=== Work instructions ===
What you return should be the lines from the one with "Trojnožka na telefón" through the one with "6月5日,走進城關鎮(zhè" in the data below, reproduced exactly with both ends, and no pictures at all.

=== Data under study ===
.....

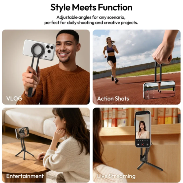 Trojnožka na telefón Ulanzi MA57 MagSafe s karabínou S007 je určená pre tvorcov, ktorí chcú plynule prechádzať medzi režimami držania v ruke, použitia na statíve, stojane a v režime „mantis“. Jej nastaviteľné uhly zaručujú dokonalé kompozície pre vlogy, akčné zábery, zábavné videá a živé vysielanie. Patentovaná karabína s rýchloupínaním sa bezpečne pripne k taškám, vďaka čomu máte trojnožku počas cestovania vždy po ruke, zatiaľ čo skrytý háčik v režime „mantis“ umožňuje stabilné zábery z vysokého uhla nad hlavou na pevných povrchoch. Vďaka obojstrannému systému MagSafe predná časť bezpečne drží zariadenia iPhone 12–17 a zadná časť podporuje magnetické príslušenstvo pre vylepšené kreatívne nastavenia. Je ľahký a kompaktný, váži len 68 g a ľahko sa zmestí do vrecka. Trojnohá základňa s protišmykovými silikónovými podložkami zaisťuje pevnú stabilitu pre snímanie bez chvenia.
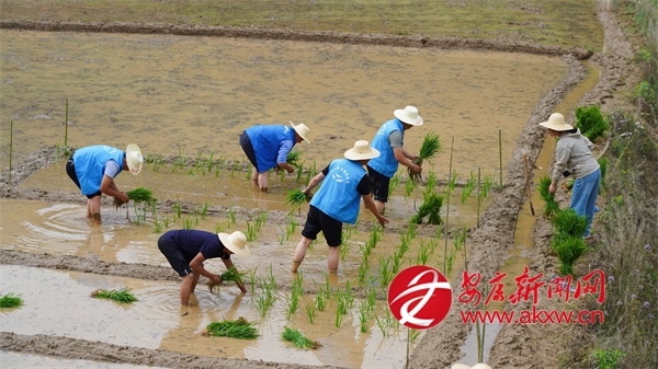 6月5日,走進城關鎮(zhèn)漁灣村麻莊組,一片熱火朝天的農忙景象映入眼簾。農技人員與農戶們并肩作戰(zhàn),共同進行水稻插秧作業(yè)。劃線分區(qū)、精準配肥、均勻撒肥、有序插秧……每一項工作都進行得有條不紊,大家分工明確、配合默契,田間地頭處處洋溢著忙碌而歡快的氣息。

.....

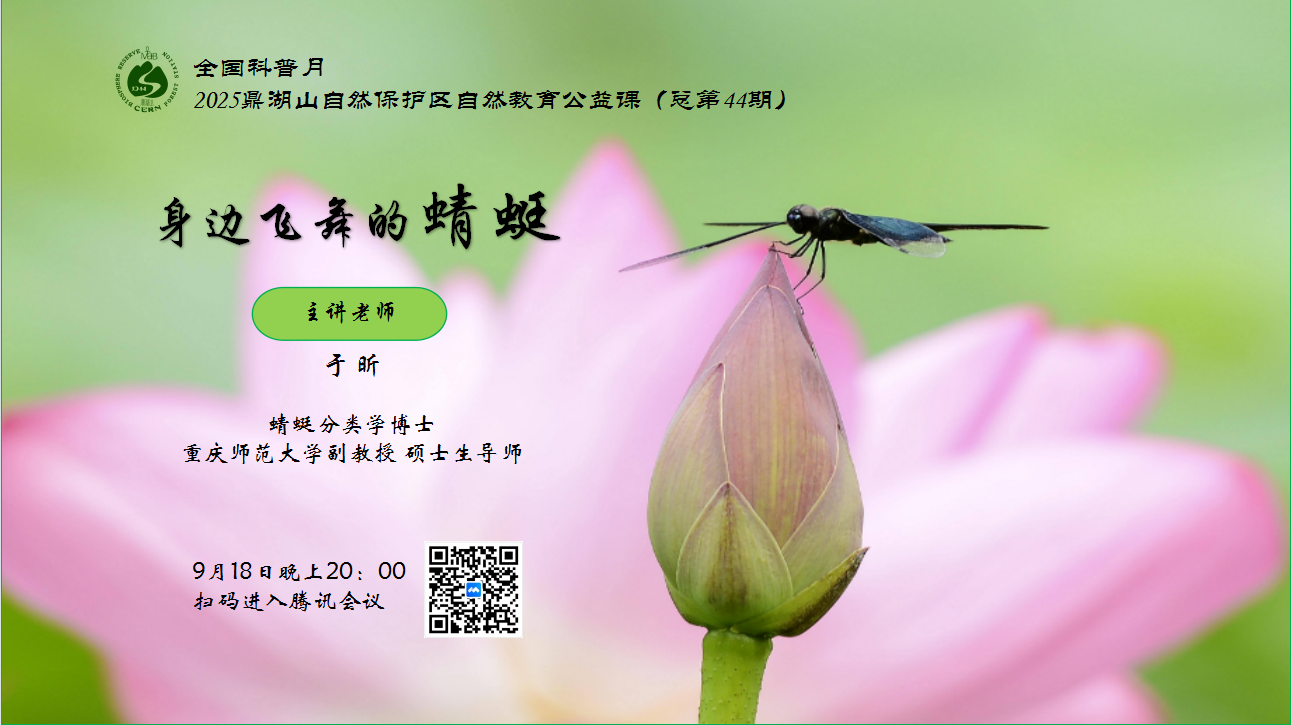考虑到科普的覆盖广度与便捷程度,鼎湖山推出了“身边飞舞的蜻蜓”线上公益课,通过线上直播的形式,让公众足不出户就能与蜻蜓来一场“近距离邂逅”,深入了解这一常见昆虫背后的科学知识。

.....

=== Solution to the exercise ===
 Trojnožka na telefón Ulanzi MA57 MagSafe s karabínou S007 je určená pre tvorcov, ktorí chcú plynule prechádzať medzi režimami držania v ruke, použitia na statíve, stojane a v režime „mantis“. Jej nastaviteľné uhly zaručujú dokonalé kompozície pre vlogy, akčné zábery, zábavné videá a živé vysielanie. Patentovaná karabína s rýchloupínaním sa bezpečne pripne k taškám, vďaka čomu máte trojnožku počas cestovania vždy po ruke, zatiaľ čo skrytý háčik v režime „mantis“ umožňuje stabilné zábery z vysokého uhla nad hlavou na pevných povrchoch. Vďaka obojstrannému systému MagSafe predná časť bezpečne drží zariadenia iPhone 12–17 a zadná časť podporuje magnetické príslušenstvo pre vylepšené kreatívne nastavenia. Je ľahký a kompaktný, váži len 68 g a ľahko sa zmestí do vrecka. Trojnohá základňa s protišmykovými silikónovými podložkami zaisťuje pevnú stabilitu pre snímanie bez chvenia.
 6月5日,走進城關鎮(zhèn)漁灣村麻莊組,一片熱火朝天的農忙景象映入眼簾。農技人員與農戶們并肩作戰(zhàn),共同進行水稻插秧作業(yè)。劃線分區(qū)、精準配肥、均勻撒肥、有序插秧……每一項工作都進行得有條不紊,大家分工明確、配合默契,田間地頭處處洋溢著忙碌而歡快的氣息。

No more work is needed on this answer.